• Task instructions:
Only the lines from the beginning of the entries through the one that holds "Тогда ЦБ считал" may appear in the answer, written out exactly and free of pictures.

• Provided records:
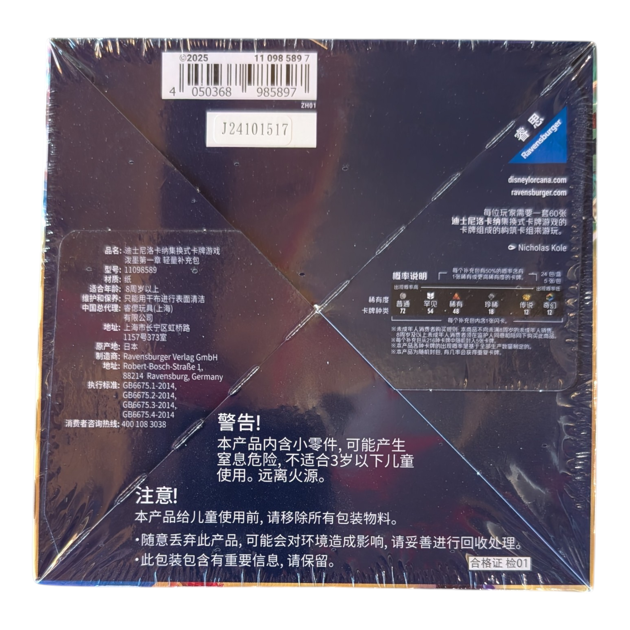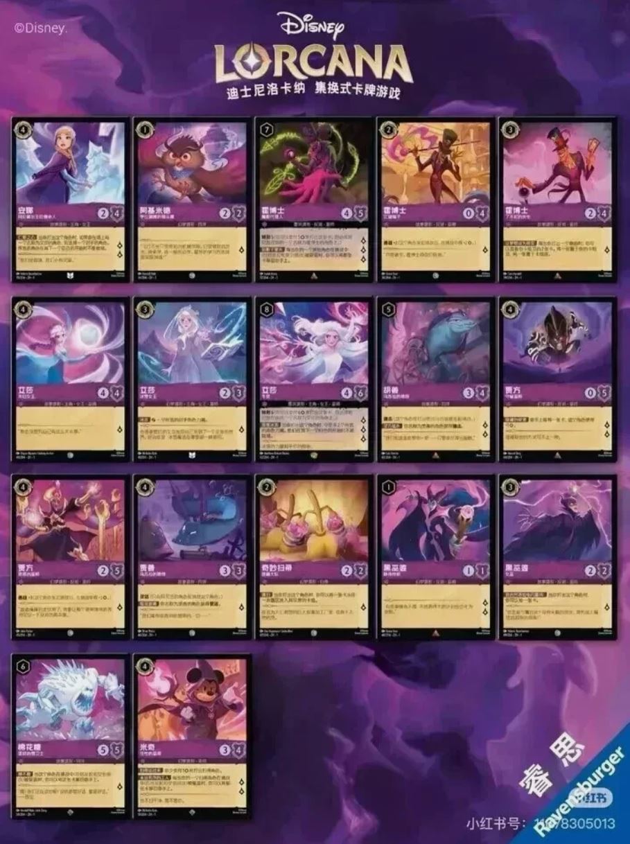 This Lorcana TCG booster box contains the first chapter and features a variety of characters including Elsa, Maleficent, and Mickey Mouse. The Disney Lorcana: The First Chapter (Chinese Light Booster Box) is a unique product configuration released for the mainland China market on January 1, 2025. Often referred to as the "Slim" or "Lightweight" version, it contains more packs but fewer cards per pack compared to standard Western or Chinese "Regular" booster boxes.
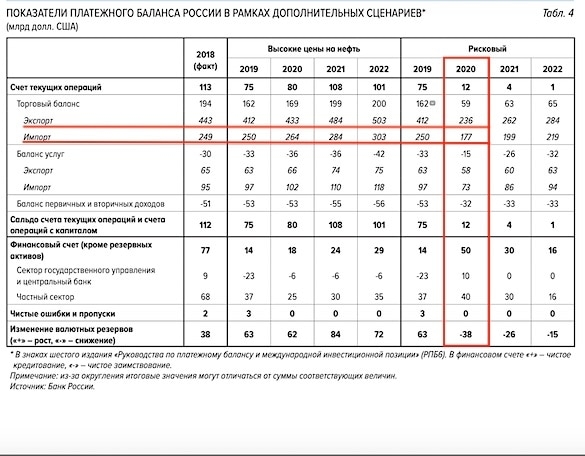 Тогда ЦБ считал риском неконтролируемую эскалацию торговой войны между Китаем и США, допуская падение цена на нефть Urals до 25, а в короткие промежутки - до 20 долларов за баррель в первом квартале 2020-го.
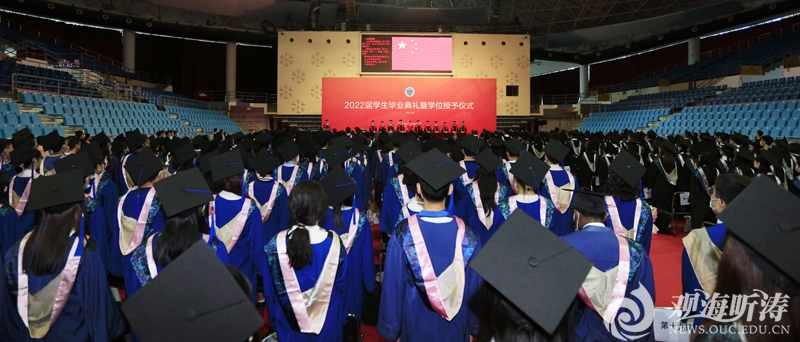 本站讯校园芳草青青,枝枝叶叶离情。根据疫情防控常态化的要求,由学校统一协调安排,以学部、各学院(中心)为单位具体组织落实,于6月14日至16日分别在崂山校区、鱼山校区4个场地,分学部、学院(中心)举办了21场毕业典礼暨学位授予仪式,共计7929名毕业生参加。学校党委书记田辉、校长于志刚通过视频的形式寄语本届毕业生。田辉书记(左)、于志刚校长通过视频的形式寄语2022届毕业生田辉在寄语中以“六实”勉励毕业生。他希望大家踔厉奋发启新程,笃行不怠向未来,对党忠实、为人诚实、学识扎实、干事踏实、作风朴实、进取求实,在实现中华民族伟大复兴的历史进程中谱写无愧于时代,无愧于人民的绚丽篇章。母校永远是大家温暖的家园、坚强的后盾,欢迎同学们常回家看看!于志刚嘱咐毕业生三件事:一是要记得每天读书,静心思考,汲取智慧;二是要记得每天运动,强健体魄,愉悦身心;三是要记得责任使命,发展自我,服务社会。希望大家坚持终身学习,保持独立思考,持续艰苦奋斗。把个人理想和民族复兴的伟大事业更加紧密地结合起来,为中国更加美好的未来做出中国海大人应有的贡献。典礼仪式上,有关领导宣读了《关于授予博士学位、硕士学位和学士学位的
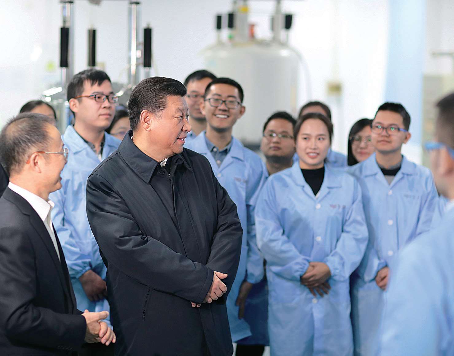 2019 年 1 月 17 日,习近平在南开大学元素有机化学国家重点实验室同师生交流。
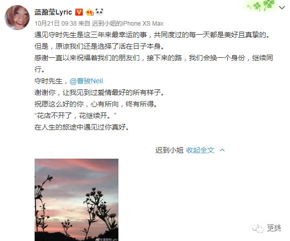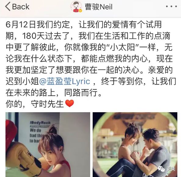 不仅是情侣头像情侣ID,微博小尾巴也是守时先生&迟到小姐,学英语的app上叫曹毛毛和蓝囡囡,微博评论里也见过他俩互叫毛毛&囡囡,这波狗粮可真是猝不及防。
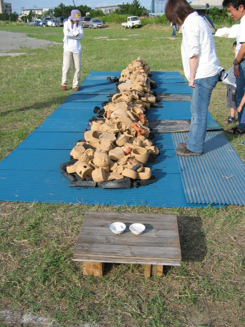 一昼夜かけて焼きあがった作品達、割れてしまった作品もあったけれど、全て上手くいかないのも陶芸の魅力の一つ。
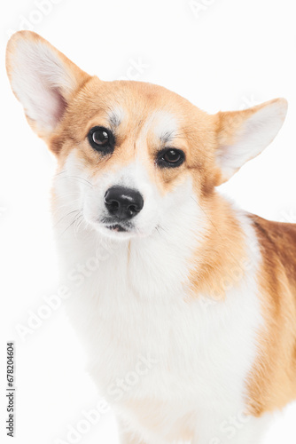 Pembroke Welsh Corgi portrait isolated on white studio background with copy space, purebred dog
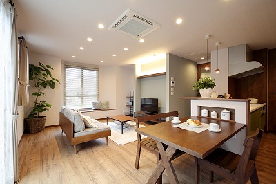 見せる収納と隠す収納を使い分け、自分の好きなものに囲まれて暮らしたいという希望を叶える空間。床はメープル柄(キャメル)。どんな色とも相性が良いです
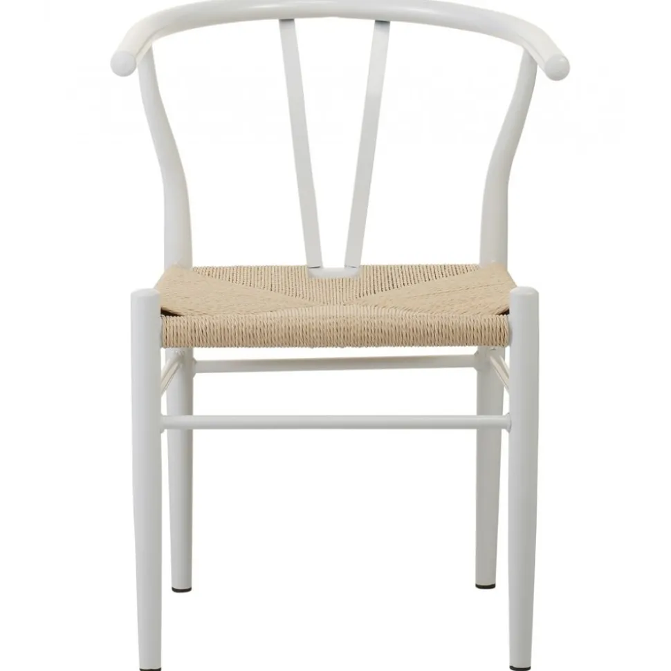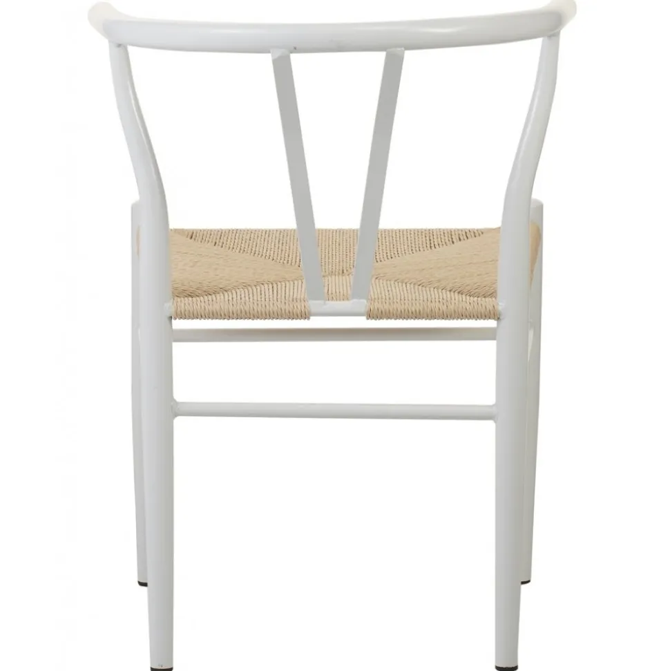 Denna snygga med klassisk design är tillverkad av lackad vit metall, vilket ger den ett stilrent och tidlöst utseende. Det slitstarka repsitset ger en unik textur och bra sittkomfort, vilket gör att stolen passar perfekt för både vardagsbruk och festligare tillfällen.

• Solution:
 This Lorcana TCG booster box contains the first chapter and features a variety of characters including Elsa, Maleficent, and Mickey Mouse. The Disney Lorcana: The First Chapter (Chinese Light Booster Box) is a unique product configuration released for the mainland China market on January 1, 2025. Often referred to as the "Slim" or "Lightweight" version, it contains more packs but fewer cards per pack compared to standard Western or Chinese "Regular" booster boxes.
 Тогда ЦБ считал риском неконтролируемую эскалацию торговой войны между Китаем и США, допуская падение цена на нефть Urals до 25, а в короткие промежутки - до 20 долларов за баррель в первом квартале 2020-го.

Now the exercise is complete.